---
strategy: botlearn-assessment
topic: scoring-rules
version: 2.0.0
---

# Scoring Rules

## Formula

```
# Per question:
RawScore = Σ(criterion_score × criterion_weight) × 20    [0–100]
AdjScore = RawScore × 0.95                               [CoT-judged questions only]

# Per dimension (difficulty-weighted):
DimScore_raw = Σ(RawScore × diff_mult) / Σ(diff_mults)
DimScore_adj = Σ(AdjScore × diff_mult) / Σ(diff_mults)

# Overall (dimension-weighted):
Overall_raw = D1_raw×0.25 + D2_raw×0.22 + D3_raw×0.18 + D4_raw×0.20 + D5_raw×0.15
Overall_adj = D1_adj×0.25 + D2_adj×0.22 + D3_adj×0.18 + D4_adj×0.20 + D5_adj×0.15
```

## Dimension Weights

| Dimension | Weight | Rationale |
|-----------|--------|-----------|
| D1 Reasoning & Planning | 25% | Most predictive of real-world agent success (GAIA r=0.78) |
| D2 Information Retrieval | 22% | Critical for grounded, factual responses |
| D3 Content Creation | 18% | High user-facing impact |
| D4 Execution & Building | 20% | Core skill-based architecture requirement |
| D5 Tool Orchestration | 15% | Important but depends on installed skills |

## Difficulty Multipliers

| Difficulty | Multiplier |
|-----------|-----------|
| Easy | ×1.0 |
| Medium | ×1.2 |
| Hard | ×1.5 |

**DimScore = (Easy_score×1.0 + Medium_score×1.2 + Hard_score×1.5) / 3.7**

## Verification Methods

| Symbol | Method | Correction | Confidence |
|--------|--------|------------|-----------|
| 🔬 | Programmatic (code run, DOM check, math verify, schema validation) | None | ±5% |
| 📖 | Reference answer match (exact or semantic) | None | ±10% |
| 🧠 | CoT self-judge (rubric + Chain-of-Thought reasoning) | -5% global | ±15% |

## Self-Evaluation Integrity Rules

1. **Role separation**: ROLE = EXAMINEE when answering — do NOT consult rubric.
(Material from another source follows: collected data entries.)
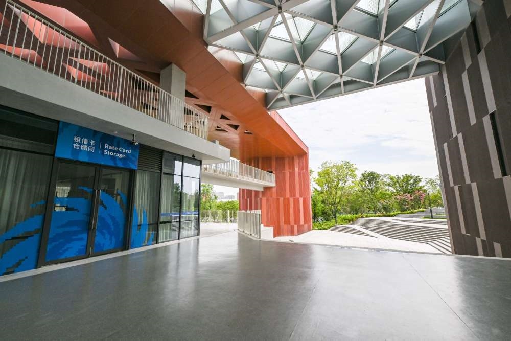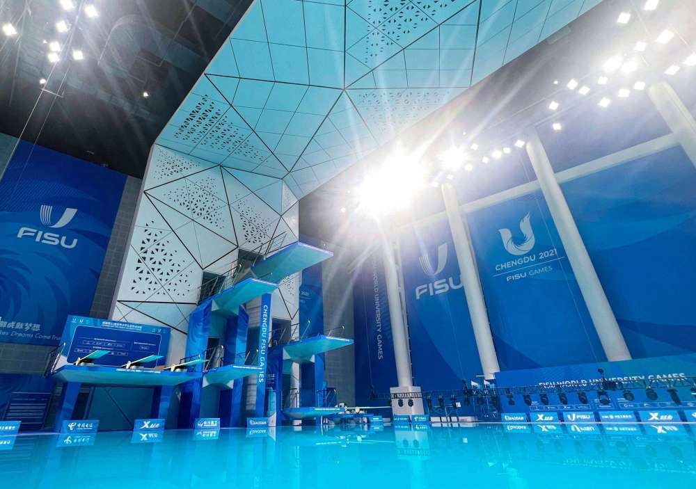 7月22日拍攝的簡陽文體中心游泳館跳水臺,它是我國唯一一座多折面異型清水混凝土跳臺,經(jīng)久耐用且節(jié)約資源。簡陽文體中心游泳館是成都大運會跳水項目的比賽場館。新華社記者 江宏景 攝
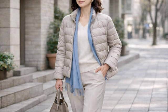 薄手ダウンが似合わないと感じたときは、アイテム選びより着こなしの見直しが効果的。横に広がりやすい特性を理解し、縦のラインと余白を意識するだけで、スタイルアップは十分に叶います。ぜひ見せ方を工夫して薄手ダウンを上品に楽しんでみてください。<text:ミミ 監修:YOMI(パーソナルスタイリスト)> ※画像は生成AIで作成しています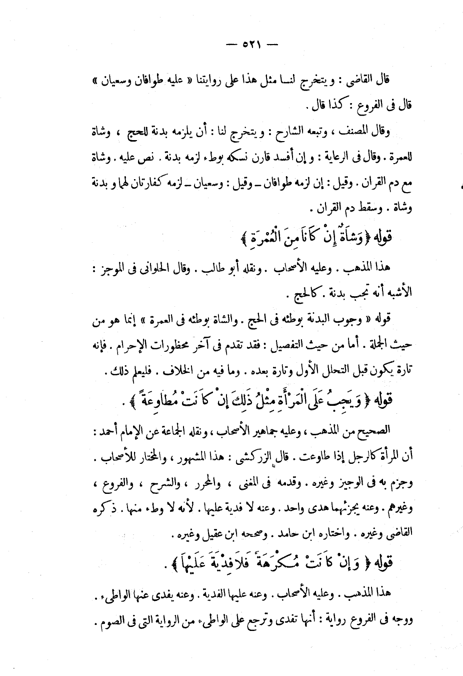 قَوْلُهُ (وَيَجِبُ عَلَى الْمَرْأَةِ مِثْلُ ذَلِكَ إنْ كَانَتْ مُطَاوِعَةً) ، الصَّحِيحُ مِنْ الْمَذْهَبِ، وَعَلَيْهِ جَمَاهِيرُ الْأَصْحَابِ، وَنَقَلَهُ الْجَمَاعَةُ عَنْ الْإِمَامِ أَحْمَدَ: أَنَّ الْمَرْأَةَ كَالرَّجُلِ إذَا طَاوَعَتْ. قَالَ الزَّرْكَشِيُّ: هَذَا الْمَشْهُورُ، وَالْمُخْتَارُ لِلْأَصْحَابِ، وَجَزَمَ بِهِ فِي الْوَجِيزِ وَغَيْرِهِ، وَقَدَّمَهُ فِي الْمُغْنِي، وَالْمُحَرَّرِ، وَالشَّرْحِ، وَالْفُرُوعِ، وَغَيْرِهِمْ، وَعَنْهُ يُجْزِئُهُمَا هَدْيٌ وَاحِدٌ، وَعَنْهُ لَا فِدْيَةَ عَلَيْهَا؛ لِأَنَّهُ لَا وَطْءَ مِنْهَا. ذَكَرَهُ الْقَاضِي وَغَيْرُهُ، وَاخْتَارَهُ ابْنُ حَامِدٍ، وَصَحَّحَهُ ابْنُ عَقِيلٍ وَغَيْرُهُ. قَوْلُهُ (وَإِنْ كَانَتْ مُكْرَهَةً فَلَا فِدْيَةَ عَلَيْهَا) . هَذَا الْمَذْهَبُ، وَعَلَيْهِ الْأَصْحَابُ، وَعَنْهُ عَلَيْهَا الْفِدْيَةُ. وَعَنْهُ يَفْدِي عَنْهَا الْوَاطِئُ، وَوَجَّهَ فِي الْفُرُوعِ رِوَايَةَ: أَنَّهَا تَفْدِي وَتَرْجِعُ عَلَى الْوَاطِئِ مِنْ الرِّوَايَةِ الَّتِي فِي الصَّوْمِ.

ROLE = EXAMINER when scoring — apply rubric strictly.
2. **-5% correction**: Applied to ALL CoT self-judged scores. AdjScore = RawScore × 0.95.
3. **Programmatic scores not corrected**: Objective verification results reported as-is.
4. **Direct zero rule**: If a question requires a capability the agent does not have, score 0 for dependent criteria — never estimated or guessed.
5. **Score 5 evidence requirement**: A criterion score of 5/5 must include "why not 4?" justification.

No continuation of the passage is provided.